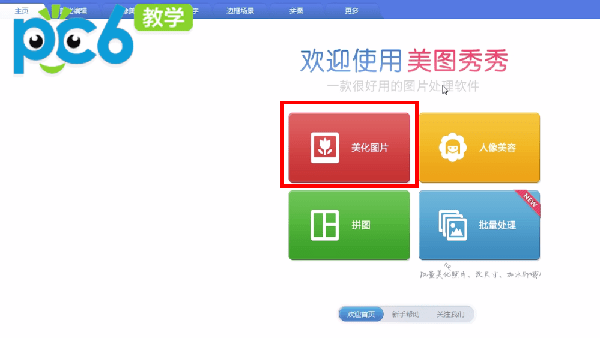 在电脑上打开美图秀秀,然后点击“美化图片”;
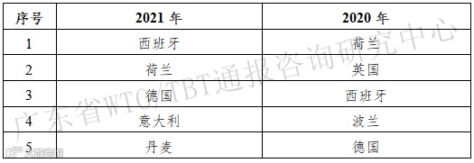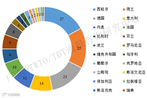 2021年通报中国产农食产品最多的国家是西班牙,共通报27例,占中国产农食产品被通报总数的16.9%。其次为荷兰和德国(见表7、图8)。
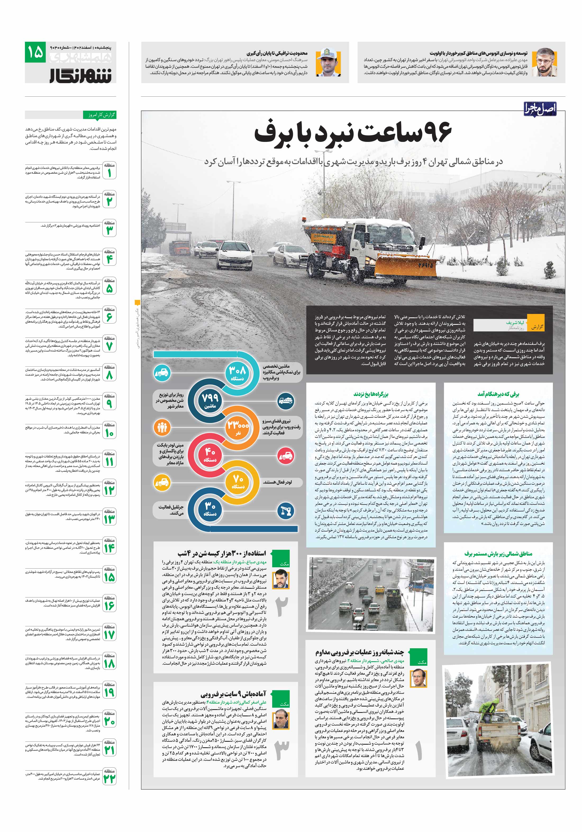 برف اسفندماه هر چند دیر به خیابانهای شهر آمد اما چند روزی است که مستمر و بدون وقفه در مناطق شمالی میبارد و نیروهای خدمات شهری نیز در تمام 5روز برفی شهر تلاش کردهاند تا خدمات را با سرعتی بالا به شهروندان ارائه بدهند.
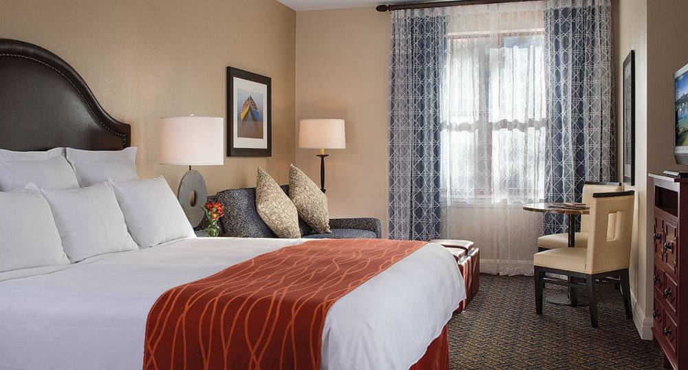 Die beste Lage, direkt an der Gondelbahn ins Skigebiet von Heavenly und direkt in der Heavenly Village mit vielen Restaurants und Geschäften. Man geht aus dem Hotel holt sich seine Ski bei der freundlichen Dame am Skiraum ab und nur wenige Schritte weiter steigt man in die Gondelbahn, die einen direkt ins Skigebiet bringt. Die geräumigen Zimmer sind alle modern und hell eingerichtet. Bei den 2-Schlafzimmer-Suiten hat man einen Kamin und eine voll ausgestattete Küche mit Waschmaschine und Trockner, sowie eine Whirlwanne mit dabei. Nach sportlichen Aktivitäten laden ein ganzjährig beheizter Aussenpool, Kinderpool, sowie 3 heisse Whirlpools ein. Nach dem Skifahren kann man am offenen Feuer vor dem Fire + Ice den Tag ausklingen lassen. Das Fire + Ice Restaurant bietet Essen vom heissen Stein an und ist sehr beliebt, da man dort zu guten Preisen gesundes und leckeres Essen vorfindet. Das Auto braucht man während des ganzen Aufenthalts nicht, es wird für 19 US$ direkt im Hotel geparkt und sollte man doch einen Ausflug machen möchten, so genügt ein Anruf und das Auto wird gebracht.
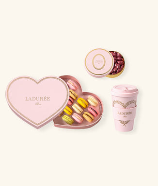 Un écrin en forme de cœur, deux façons de déclarer sa flamme : l'assortiment signature réunit les grands classiques de la Maison, tandis que la version « Déclaration » dévoile le macaron exclusif Caramel & Thé noir, cœur délicat au sein d’un assortiment de macarons vanille, rose, framboise et fleur d’oranger..

Directions for this task »
All lines from the one containing "برف اسفندماه هر" through the final line of the entries above are to be copied exactly; the pictures are not.

Response to this exercise »
 برف اسفندماه هر چند دیر به خیابانهای شهر آمد اما چند روزی است که مستمر و بدون وقفه در مناطق شمالی میبارد و نیروهای خدمات شهری نیز در تمام 5روز برفی شهر تلاش کردهاند تا خدمات را با سرعتی بالا به شهروندان ارائه بدهند.
 Die beste Lage, direkt an der Gondelbahn ins Skigebiet von Heavenly und direkt in der Heavenly Village mit vielen Restaurants und Geschäften. Man geht aus dem Hotel holt sich seine Ski bei der freundlichen Dame am Skiraum ab und nur wenige Schritte weiter steigt man in die Gondelbahn, die einen direkt ins Skigebiet bringt. Die geräumigen Zimmer sind alle modern und hell eingerichtet. Bei den 2-Schlafzimmer-Suiten hat man einen Kamin und eine voll ausgestattete Küche mit Waschmaschine und Trockner, sowie eine Whirlwanne mit dabei. Nach sportlichen Aktivitäten laden ein ganzjährig beheizter Aussenpool, Kinderpool, sowie 3 heisse Whirlpools ein. Nach dem Skifahren kann man am offenen Feuer vor dem Fire + Ice den Tag ausklingen lassen. Das Fire + Ice Restaurant bietet Essen vom heissen Stein an und ist sehr beliebt, da man dort zu guten Preisen gesundes und leckeres Essen vorfindet. Das Auto braucht man während des ganzen Aufenthalts nicht, es wird für 19 US$ direkt im Hotel geparkt und sollte man doch einen Ausflug machen möchten, so genügt ein Anruf und das Auto wird gebracht.
 Un écrin en forme de cœur, deux façons de déclarer sa flamme : l'assortiment signature réunit les grands classiques de la Maison, tandis que la version « Déclaration » dévoile le macaron exclusif Caramel & Thé noir, cœur délicat au sein d’un assortiment de macarons vanille, rose, framboise et fleur d’oranger..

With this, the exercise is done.